Dean is the only one I am aware of that is fluent in another language (Spanish).
posted by TimeFactor at 6:23 PM on January 18, 2004

Dean i'd think, but Edwards might be good (and surprising, like Clinton was for you guys), or Clark, who's not in Iowa, but everywhere else.
posted by amberglow at 6:30 PM on January 18, 2004

Response by poster: Agreed, Amberglow. Bill Clinton was probably, along with JFK, the best U.S. President for Europe, whatever our political colour. For us Portuguese, his decisive intervention on East Timor made our day. Intelligent; civilized; open; tolerant; genuine. It's a great pity he can't run. So : who is the Bill Clinton now? (And I'm conservative = very liberal in American terms).
posted by MiguelCardoso at 6:48 PM on January 18, 2004

None of them, and pray for Hilary Clinton, Mario Cuomo or even Al Gore to rescue the party's (and the planet's) hopes this year. It's a decidedly mediocre field, with none of the candidates coming even within ICBM range of Bill.
posted by cbrody at 6:55 PM on January 18, 2004

Miguel, he was the best pres in my lifetime, IMHO : >

Clark is the Clintons' hand-picked guy, but Dean is only one with real chutzpah....I think all of them would be good for Europe (and compared to Bush, anyone would--and they're all promising a collaborative, international approach to world problems)
posted by amberglow at 7:06 PM on January 18, 2004

Kucinich.

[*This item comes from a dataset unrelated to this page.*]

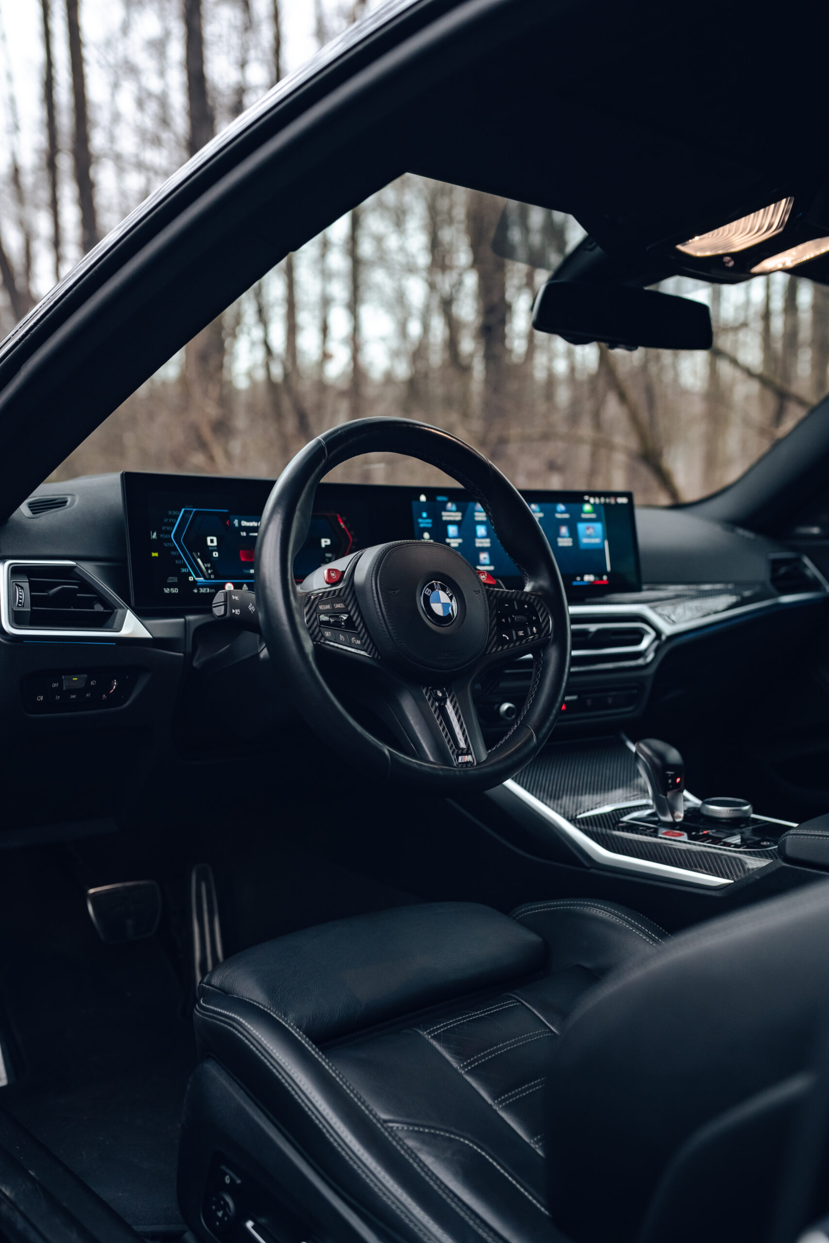 Wnętrze BMW M2 2024 łączy nowoczesną technologię z surową sportową estetyką. Kabina jest skierowana na kierowcę, a każdy element ma wspierać precyzję jazdy.

He's the only one out of the bunch that tries to be a decent human being.
posted by cmonkey at 7:14 PM on January 18, 2004

Miguel, he was the best pres in my lifetime

He coulda been, but the conservatives were rightfully scared to death of his capabilities (politically and telegenically) and so lashed into him from day one of his admin.
posted by Fupped Duck at 7:37 PM on January 18, 2004

Wes Clark likes to bomb you guys. That's way more involved than any other candidate has been with Europe.
posted by mr_crash_davis at 7:45 PM on January 18, 2004

Why hasn't Bill Clinton ran for president of AllTheRestOfTheWorld yet? I'd bet he'd win.
posted by Space Coyote at 8:08 PM on January 18, 2004

kerry is our guy. he is the only candidate that can beat bush and will make a great president.

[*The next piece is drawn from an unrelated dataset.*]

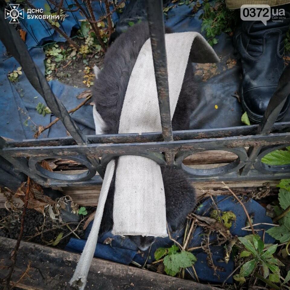 Ранком 7 листопада на лінію екстреної допомоги 101 надійшов дзвінок від місцевих жителів. Люди почули жалібні звуки та виявили маленьке цуценя, яке потрапило у пастку між елементами металевого паркану. Про це повідомляють у ГУ ДСНС у Чернівецькій області.
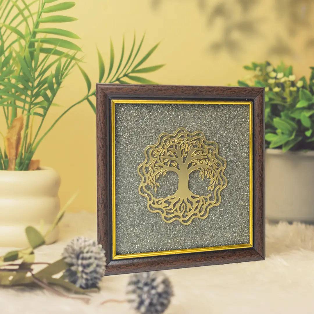 The Tree of Life Pyrite Frame features the sacred Tree of Life symbol, representing growth, wisdom, strength, and connection to the universe. When crafted on Pyrite, known as the “stone of abundance and protection,” this frame radiates both spiritual and material blessings. It is ideal for homes, offices, meditation rooms, or sacred spaces, serving as a decorative piece that attracts positivity, prosperity, and harmony.

this coming from someone who would love to have a president dean (except for his pro-gun - pro-death penalty stances) or a president kucinich - or even a president sharpton.

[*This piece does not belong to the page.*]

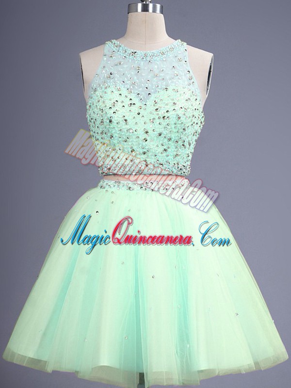 Most Popular Apple Green Dama Dress Prom and Party and Wedding Party with Beading Scoop Sleeveless Lace Up
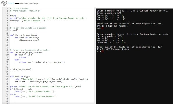 Our Task: We will write two functions, first one will get (return) all digits in the number, then another function to get the factorial of each digits in that number then with If statement we will examine the result.Enhancement: We will ask the user to enter a number and we will check if it is a Curious Number.

i was very impressed by his conviction, command of the issues, and unselfish focus on helping the USA get back on track, when i saw him here in minneapolis.

"John Kerry’s liberal record in the Senate is remarkable in its depth and consistency."
posted by specialk420 at 8:21 PM on January 18, 2004

Kerry wimped out and never challenged Bush once in 3 years from the Senate (it's not just the war vote)--why would he suddenly be able to fight Bush now? I think him, Gephardt, and Lieberman all have a lot of explaining to do...They can't all of a sudden become the opposition when they had ample time to display balls but didn't. And history shows that Senators don't win.
posted by amberglow at 8:33 PM on January 18, 2004

to turn that into an answer for you, mig: Kerry is seen as the Democratic "establishment" candidate (and may still get the nomination)...good record, military experience, bla bla bla.
posted by amberglow at 8:47 PM on January 18, 2004

check his voting record amberglow. despite being in the midst of a presidential run - kerry voted against the 87 billion for haliburton, just a couple months ago. convince me any of the other candidates have a better chance at beating bush and ill join the team. i've looked long and hard at each candidate and decided despite imperfections - kerry is the guy that has the best chance of beating the money machine next fall. he'll wear well with indpendents and with suburban moms - he'll be tough to beat on the national security front, and add bill richardson as veep and the latino vote will tip him over the edge.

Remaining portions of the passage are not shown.